Les anglo-saxons, qui ont toujours un nom pour qualifier leurs observations, parlent de « staycation », hybride de Stay et de Vacation, pour décrire une tendance qui consisterait à prendre des vacances pour rester chez soi ou autour de chez soi. Le phénomène toucherait les citadins victimes de la crise, tous les surchargés de travail ainsi que ceux qui considèrent un déplacement en avion comme un crime contre la planète. Plus récemment, sont venus s’ajouter à la liste ceux qui craignent des attentats ou des menaces épidémiques… Résultat : le phénomène toucherait de plus en plus de monde et prendrait diverses formes.

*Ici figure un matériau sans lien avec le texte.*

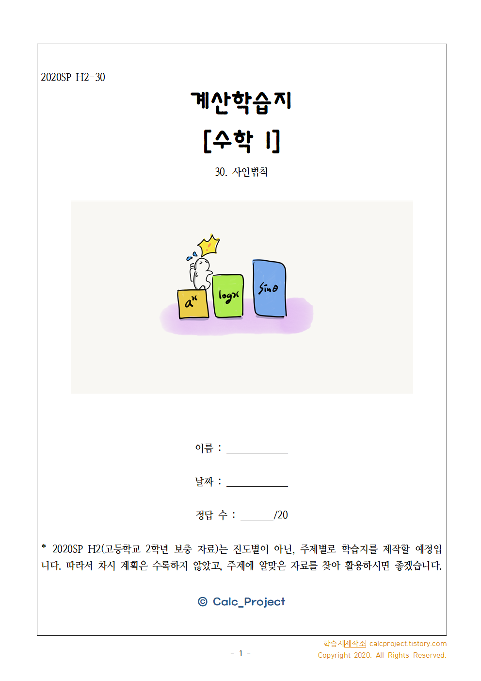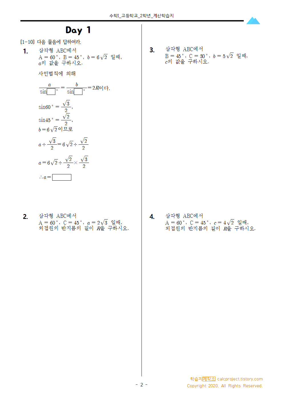 #태그 : 고등학교 2학년, 고2, 수학I, 사인법칙 학습지, 사인법칙 문제, pdf, 다운, 다운로드, 사인법칙 개념, 학습지제작소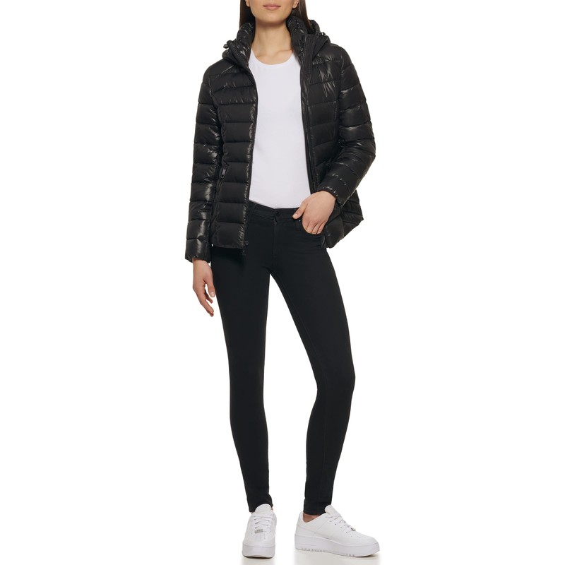 GUESS Women's Midweight Puffer Jacket, Quilted Black 2, Medium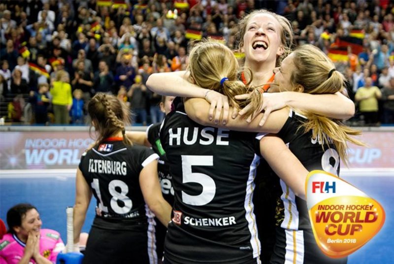 Berlin, Germany: Anne Schröder scored the winning goal as Germany overturned a 1-0 deficit against the Netherlands to win the 5th Women’s Indoor Hockey World Cup 2018 in front of an sell-out, 8000-strong crowd at the Max-Schmeling-Halle.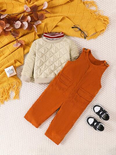 Baby Boys' Striped High-neck Long Sleeve Top And Casual Suspender Pants Set-65%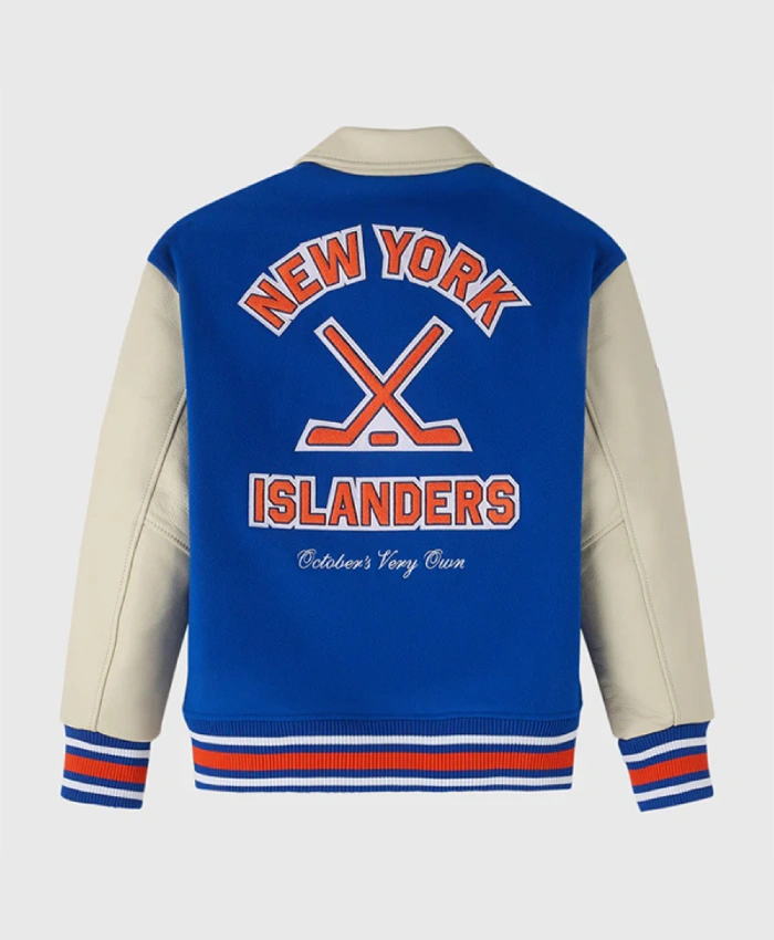 Blend premium streetwear with team pride in the OVO New York Islanders Blue & Beige Varsity Jacket. Featuring a stylish two-tone design, this jacket combines OVO’s signature aesthetic with classic Islanders heritage for a bold and refined look.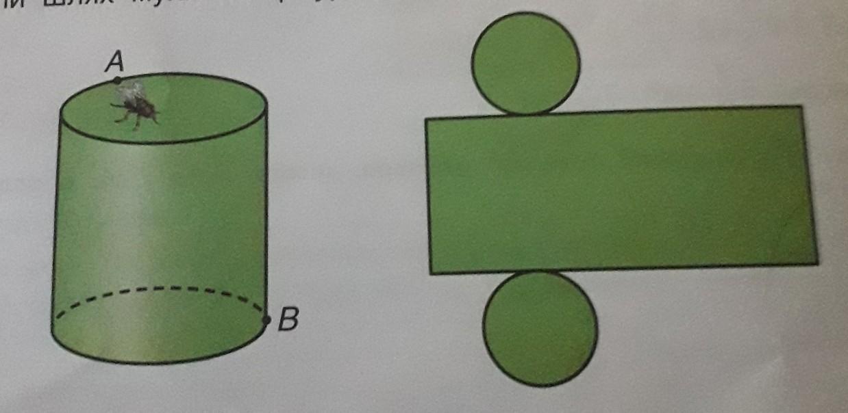 Ш. Виконай у робочому зошиті. 1. Виконай завдання. Муха рухається по видимій поверхні фігури з точки А в точку В Накресли шлях мухи на фігурі та на її розгортці .

Aller à l’hôtel dans sa propre ville en serait une, plutôt inattendue. Après le tourisme d’ailleurs, vive le tourisme d’ici. De plus en plus d’hôtels offriraient ainsi des prix cassés sur les chambres restant disponibles en fin de journée. Pourquoi pas. Une autre consisterait à s’évader en banlieue où les prix, plus abordables, permettent d’accéder à plus d’espace et à des jardins contribuant largement à l’amélioration de la qualité de la vie. Le rapport au domicile principal se teinterait alors de l’imaginaire habituellement associé aux résidences de vacances. Plus cool, sans doute, plus créatif, parfois. Jardiner, fabriquer ses propres confitures, pratiquer le yoga sur sa terrasse, pour ne reprendre que les fantasmes les plus véhiculés par la presse féminine, deviennent alors possible.
La « staycation » peut aussi avoir pour effet d’inciter les citadins à regarder et à vivre différemment leur ville : explorer ses arrière-cours et anciens ateliers, ses moindres recoins jusqu’aux plus éloignés (à Paris la carte Navigo dézonnée accompagne ce mouvement), parcourir ses différents quartiers en Vélib’, Segway ou skate, installer des poulaillers et des jardins communautaires en sont les expressions les plus visibles.
En poursuivant l’idée d’une échappatoire possible aux contraintes et à la répétition de la vie quotidienne, le phénomène de la « staycation » contribue à l’émergence d’un nouveau rapport à la ville. Et vient nous rappeler que la réalité est surtout une affaire de regard.